Symphonie du fond des mers, antique et moderne ! 

Opera seria remarquable dans l’œuvre de Mozart, ce formidable duel entre le dieu Neptune et le roi Idoménée est peu représenté sur nos scènes, aussi réjouissons-nous de cette belle offre que nous fait l’Opéra national du Rhin. Créé en 1781 par le jeune prodige alors âgé de 25 ans, Idomeneo préfigure les chefs d’œuvres à venir, et notamment La flûte enchantée. Si le livret en italien de Giambattista Varesco s’est avéré un défi de taille pour Mozart, il l’a hautement relevé en composant une orchestration qui n’est que pur ravissement. Symphonie surgie du fond des mers, Christophe Gayral à la mise en scène et Sergio Alapont à la direction d’orchestre ont su paradoxalement, à la fois lui restituer ses lettres de noblesses, et lui apporter une vision moderne. Chapeau !

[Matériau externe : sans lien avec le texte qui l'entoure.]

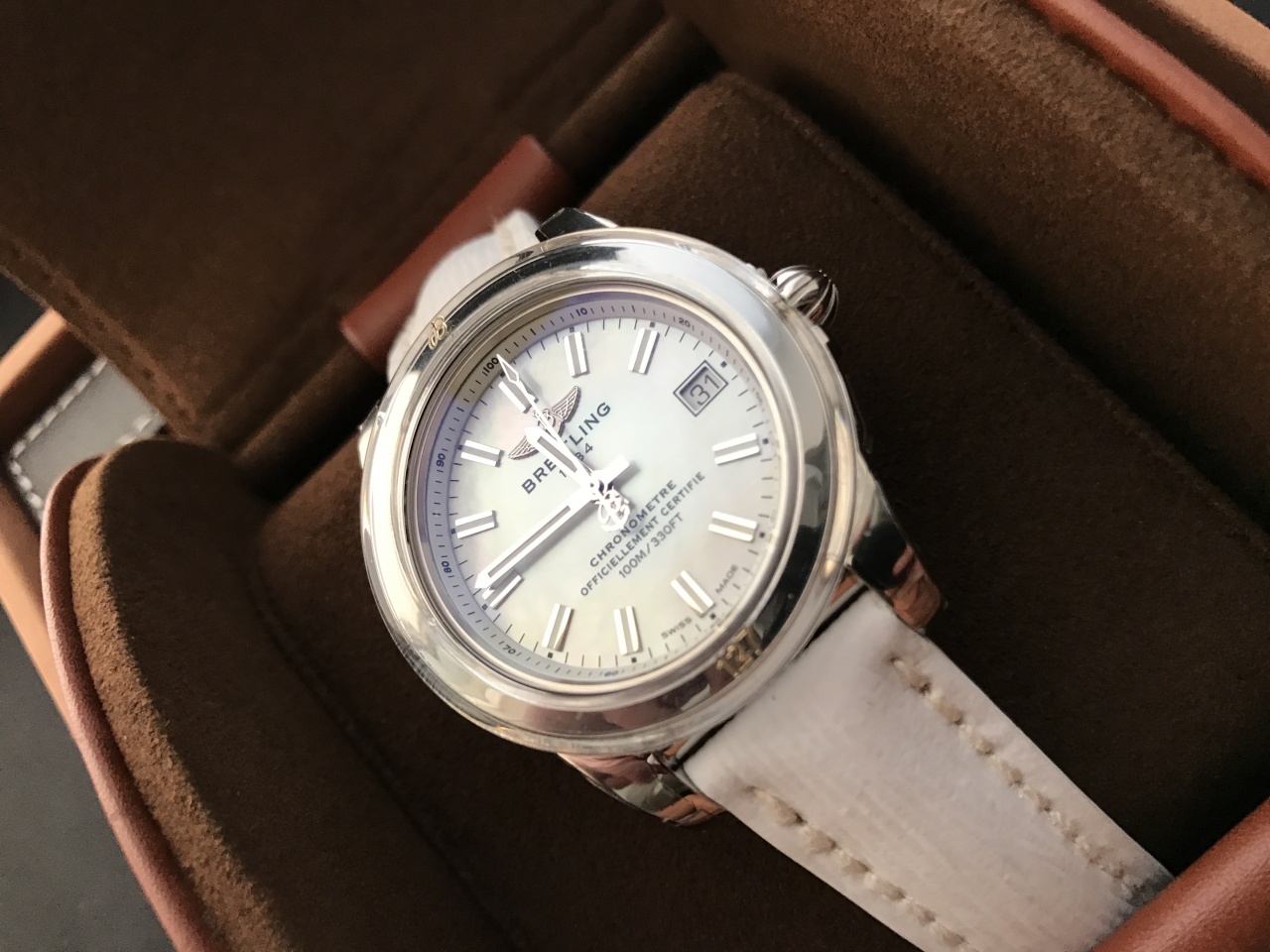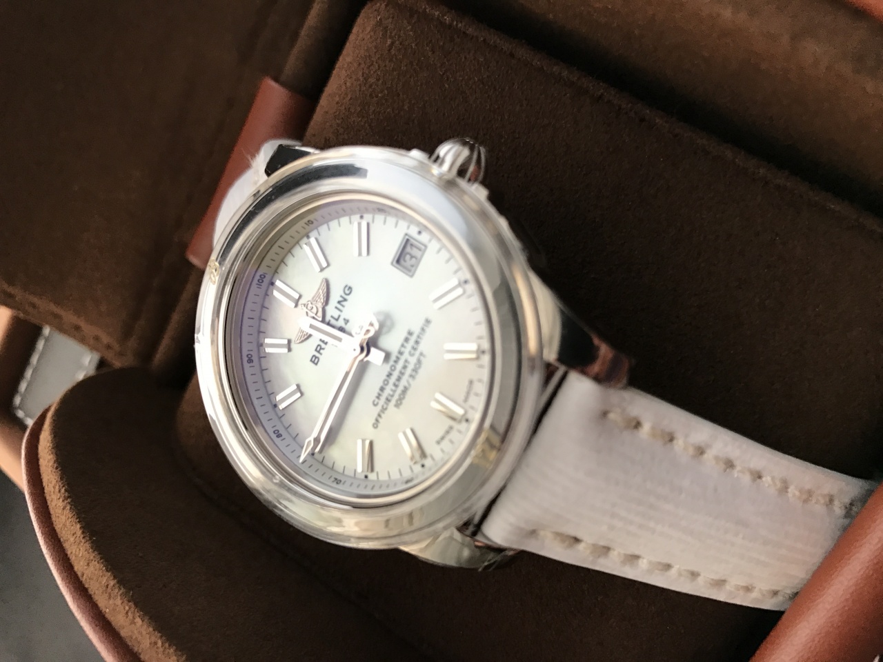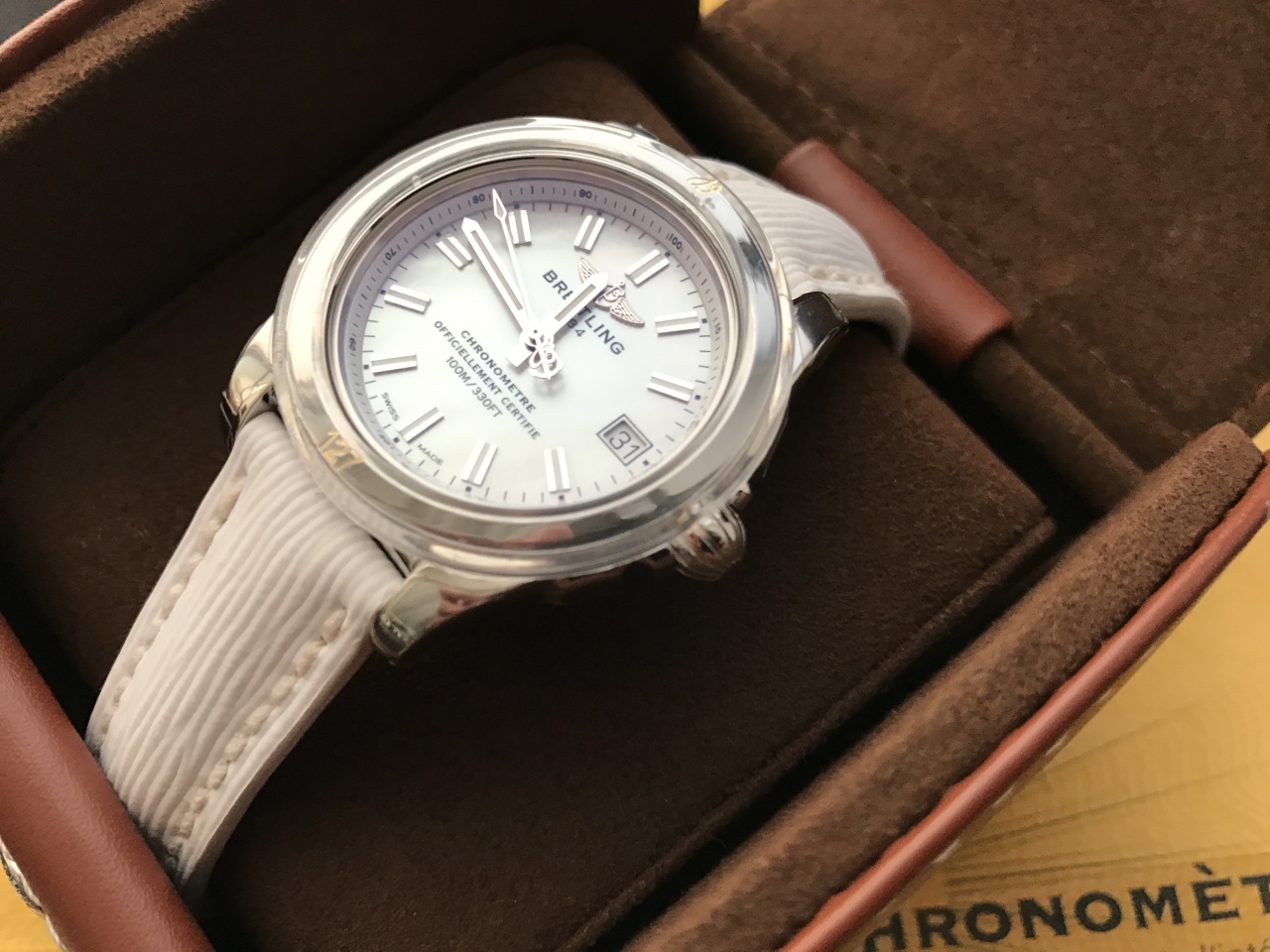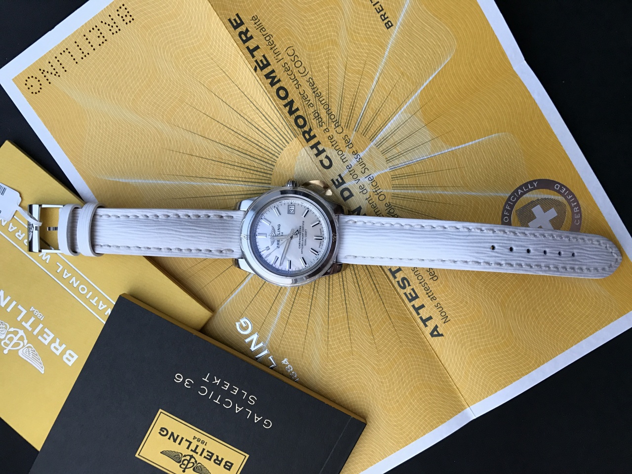 Уважаемые форумчане, в продаже изумительные женские BREITLING GALACTIC. Роскошный перламутровый циферблат, великолепный белый ремень Sahara и конечно же сверхточный калибр Breitling 74 SuperQuartz™. Часы полностью в пленках, полный комплект коробок и документов.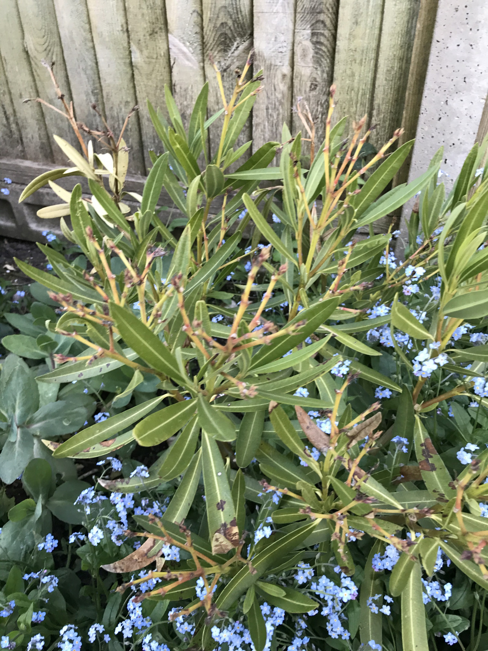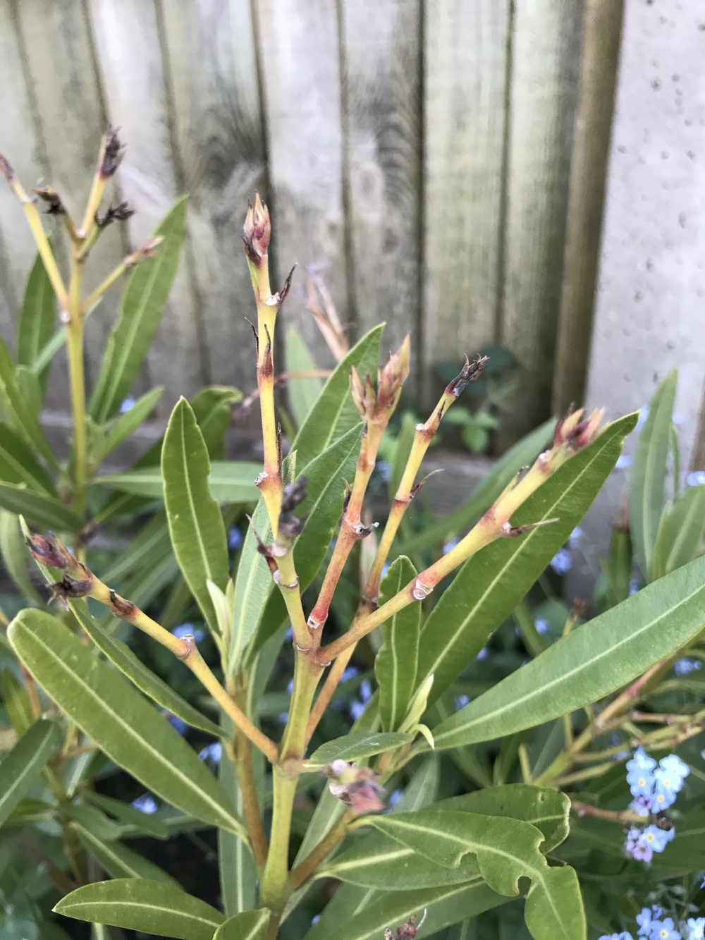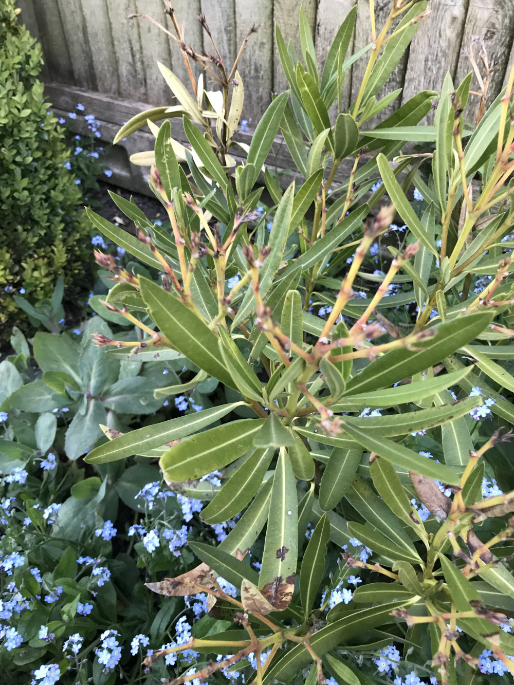 Hello I have what I think is an oleander in the border. Not sure if it will flower this year looking at the tops of it. Should I trim or just leave it be? Thankyou x
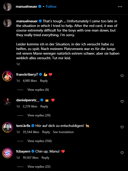 “That’s tough … Unfortunately I came too late in the situation in which I tried to help. After the red card, it was of course extremely difficult for the boys with one man down, but they really tried everything. I’m sorry,” Neuer wrote on Instagram.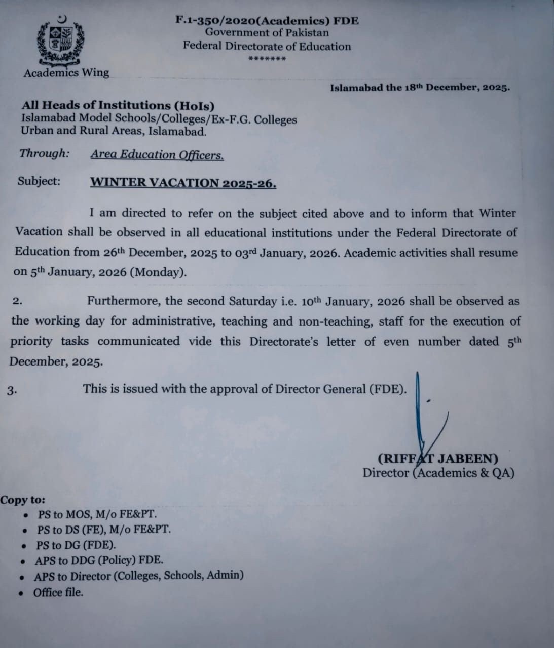 In a separate notification, federal government educational institutions have also declared winter holidays, with schools set to remain closed from December 26 to January 3.

Une scénographie très sobre, épurée, à l’image d’une page blanche, noire ici en l’occurrence, se teinte au gré des actes par l’apport de décors parfaitement choisis par Barabra de Limburg et aussi, et surtout par la création lumière de Philippe Berthomé en totale harmonie avec le livret et son orchestration. Dès les premières notes, nous sommes transportés par la voix cristalline de la soprano Judith Van Wanroij dans le rôle d’Ilia qui se révèlera d’une extrême justesse du début à la fin. La difficulté de cet opéra dans sa composition est la répartition des voix quasi exclusive à un quatuor de solistes soutenu par un chœur d’envergure, or ici, la répartition des rôles apparaît tout a fait adéquate.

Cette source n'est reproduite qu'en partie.